Эти замечания во многом показывают, что причины профессора игнорировать библейскую историю (которую он, конечно, называет «библейской гипотезой») являются лишь предлогами. Конечно, не его дело было объяснять еврейский текст; но это не оправдание. Единственный момент, который имел реальное значение в связи с рассматриваемым вопросом, заключался в том, были ли так называемые дни творения естественными днями по двадцать четыре часа или периодами гораздо большей продолжительности. Теперь этот момент можно было исследовать с латинским или английским текстом так же хорошо, как и с еврейским. Более того, поскольку «многие выдающиеся ученые» и даже «люди науки», как он утверждает, абсолютно отрицали, что доктрина о шести естественных днях вообще содержится в Книге Бытия, не было ли ясно, что геологические эпохи, совершенно неизвестные Мильтону, не могли считаться противоречащими библейскому повествованию, а могли скорее совпадать с этим повествованием и помочь нам прояснить некоторые неясные фразы, которые мы читаем в нем? Профессор Гексли делает вид, что, если мы прислушаемся к этим выдающимся ученым и людям науки, «мы должны верить, что то, что кажется столь четко определенным как дни творения, — это вовсе не дни, а периоды, которые мы можем сделать такими длинными, как того требует удобство». Это, действительно, вывод, который мы делаем из полного обсуждения предмета; но мы хотели бы знать, на каком основании профессор предполагает, что Книга Бытия говорит так ясно о естественных днях. Обратное ясно подразумевается в языке священного писателя; ибо очевидно, что три дня, которые предшествовали сотворению солнца, не могли быть естественными днями по двадцать четыре часа; и поскольку их продолжительность не была определена священным писателем, мы вольны «сделать их такими длинными, как того требует удобство». Эта причина, которая может быть усилена другими выражениями в контексте и многими другими отрывками Библии, где слово «день» используется неопределенно для долгих периодов времени, привела многих старых толкователей, в том числе святого Августина, к отрицанию того, что профессор Гексли так уверенно утверждает о ясности библейского свидетельства в пользу естественных дней. Профессор явно говорит о предмете, который он никогда не изучал, с вредоносной целью создания конфликта между наукой и верой.

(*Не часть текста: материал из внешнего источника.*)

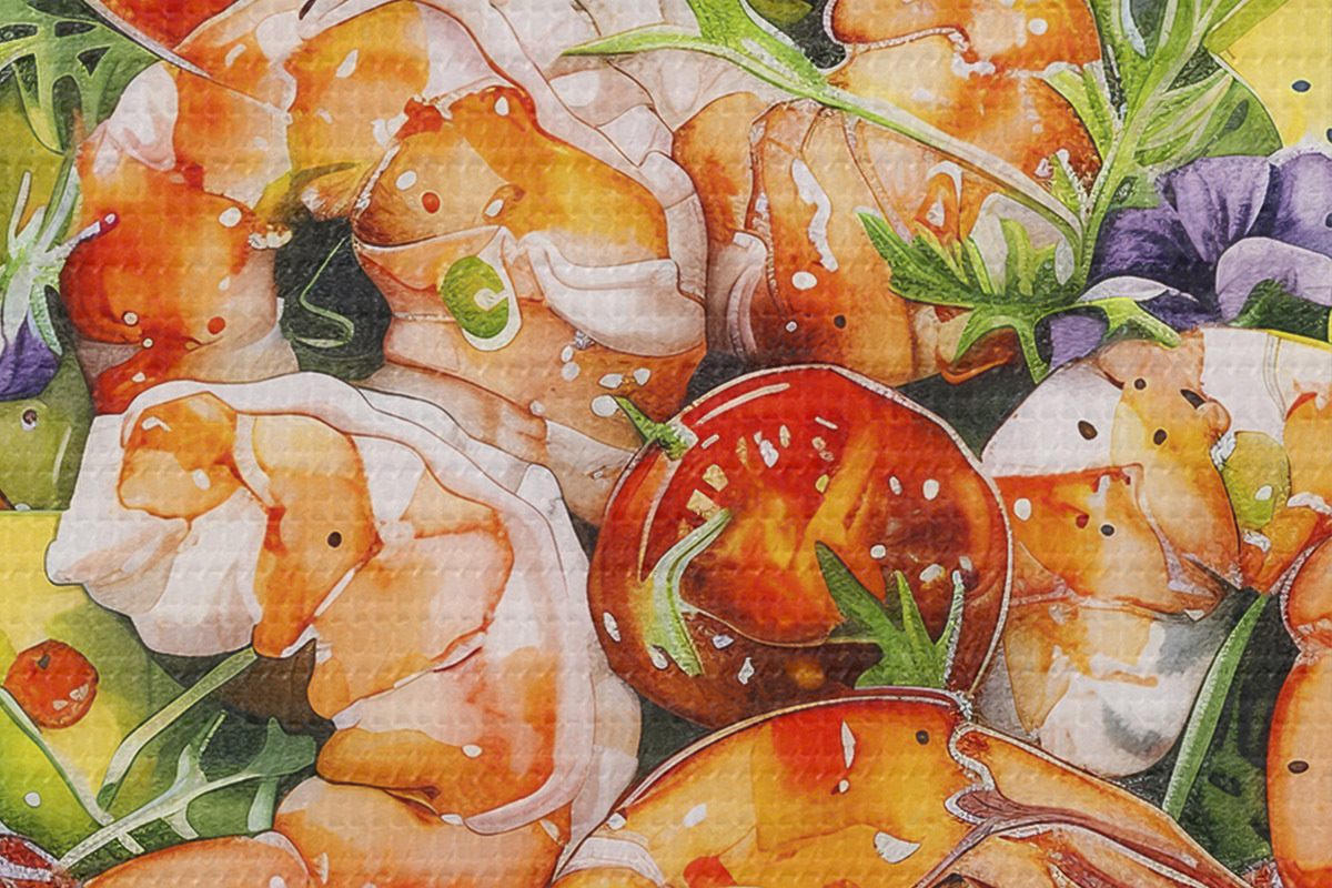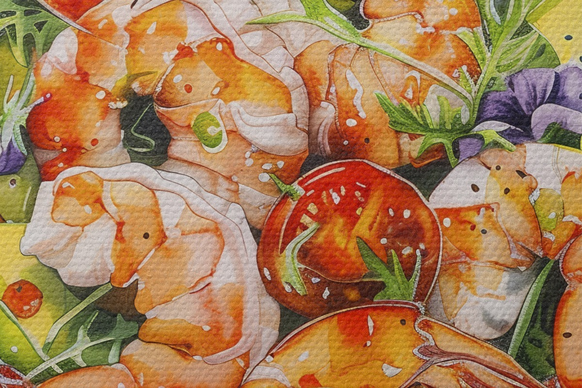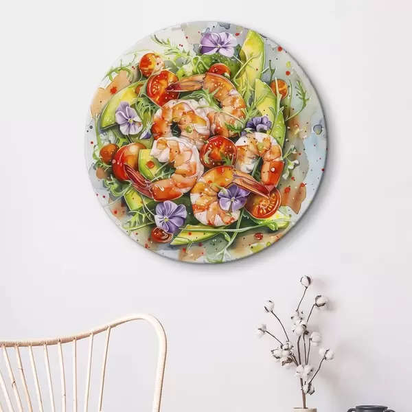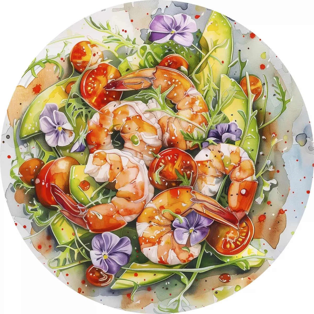 Nuotrauka Salotos su avokadu ir krevetėmis, gėlėmis, skanu, maisto menas, akvarelė Nr r39697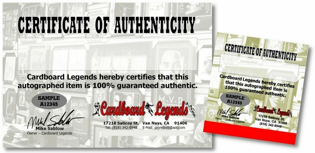 AUTHENTICATED BY: Cardboard Legends All of our autograph items are hand-signed and come with a matching hologram plus certificate of authenticity as listed above.
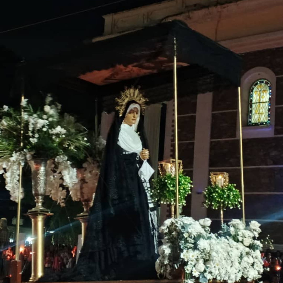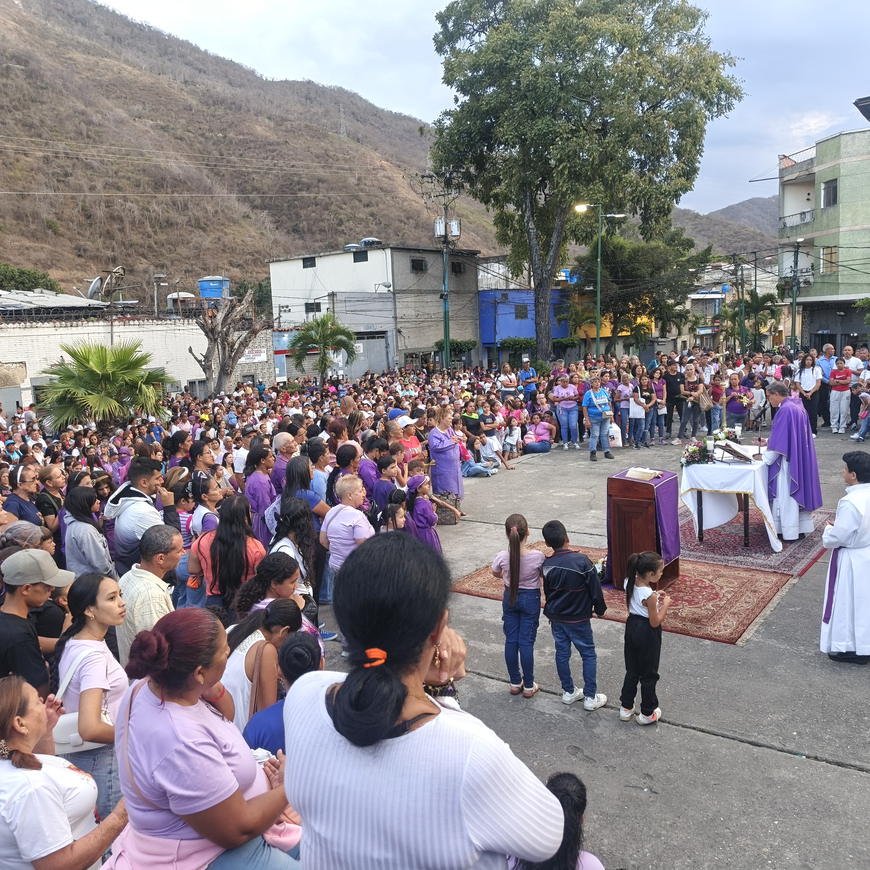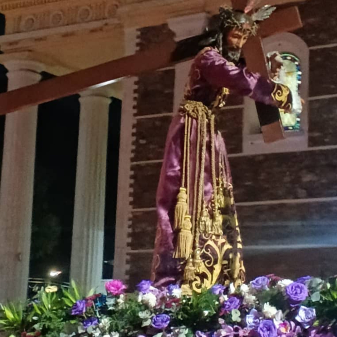 La misa duró alrededor de unos 40 minutos luego de ellos empezó la procesión con el santo Nazareno y la Virgen, es una tradición ver la imagen del Nazareno vestido de morado con la cruz a cuesta que inspira fé y cercanía a los fieles, la precisión de tu alrededor de 2 horas.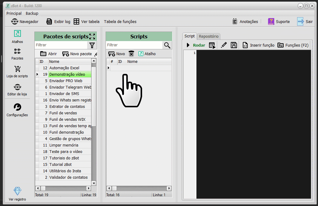 O zBot disponibiliza gratuitamente vários scripts de exemplo, que podem ser usados, editados ou adaptados para suas necessidades. Além disso, você pode criar seus próprios scripts para automatizar qualquer tarefa digital, de acordo com suas necessidades.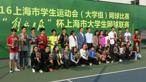 11月6日,2016上海市学生运动会(大学组)网球比赛暨“解放日报”杯上海市大学生网球联赛颁奖闭幕式在校本部网球场举行。上海市教育教委会副主任王平,beat365英国官网网站党委副书记、副校长龚思怡,解放日报副总编徐蓓蓓,上海市教育委员会体卫艺科处处长丁力,上海市网球协会副会长蒋育才等与各高校体育部主任、获奖代表参加了闭幕式。参加闭幕式的还有解放日报、新民晚报、五星体育等新闻媒体。体育学院直属党总支书记吴国琴主持了闭幕式。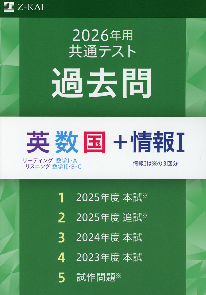 英数国は、2025年度本試も含む各4回分(2025年度本試、2025年度追試、2024年度本試、2023年度本試)と令和7年度試験の試作問題を、情報Iは2025年度本試、2025年度追試、令和7年度試験の試作問題を収録。

Что нам сказать о его забавном намеке на «удивительную гибкость» библейского языка? Хотя он был встречен аплодисментами и смехом (аудиторией, которая ничего не знала о еврейском языке), такой намек был грубой ошибкой. Не гибкость языка когда-либо призывалась в качестве основания для различных интерпретаций; это крайняя лаконичность повествования и пропуск многочисленных деталей, которые могли бы показаться интересными человеку науки, но которые не имели никакого отношения к цели, преследуемой священным писателем. Ибо целью писателя было наставить людей не в науке, а в единстве Бога и Его всеобщем владычестве. С другой стороны, все языки имеют множество терминов, которые могут получать различные интерпретации; и само слово «день», которое лектор считает означающим так ясно двадцать четыре часа, используется даже нами в смысле неопределенной продолжительности времени. Мы говорим, например, что сегодня антихристианство свирепствует, так же как и то, что сегодня шел дождь; и мы надеемся, что профессор Гексли не будет из-за этого винить английский язык или насмехаться над его «удивительной гибкостью».

Наконец, профессор говорит, что он говорил о мильтоновской теории, а не о «доктрине Моисея», потому что «нас теперь уверяют авторитетом высших критиков и даже сановников церкви, что нет никаких доказательств того, что Моисей когда-либо писал эту главу или знал что-либо о ней». Это утверждение не делает чести суждению лектора.

Книга Бытия — несомненная работа Моисея, как свидетельствуют все древние и современные ученые, как евреи, так и христиане. Если, однако, профессор Гексли, основываясь на авторитете своих извращенных или невежественных критиков и рационалистических сановников ложной церкви, верит в обратное, из этого не следует, что исторический метод обязывал его заменить мильтоновскую теорию библейской историей под страхом «запутывания в спорном вопросе». Если существовал спорный вопрос, он мог отбросить его одним словом. Ничто не мешало ему говорить о «том, что называется доктриной Моисея». Истина заключается в том, что профессор все время трудился, чтобы разрушить доктрину Моисея под именем мильтоновской гипотезы, думая, без сомнения, что этой уловкой он может просто сказать достаточно, чтобы удовлетворить своих друзей-вольнодумцев, не шокируя слишком сильно общественное мнение. Уловка, однако, оказалась безуспешной; и если профессор видел критику своих лекций в американской прессе, он теперь должен был обрести убеждение, что мильтоновская гипотеза не заслуживала чести научного опровержения.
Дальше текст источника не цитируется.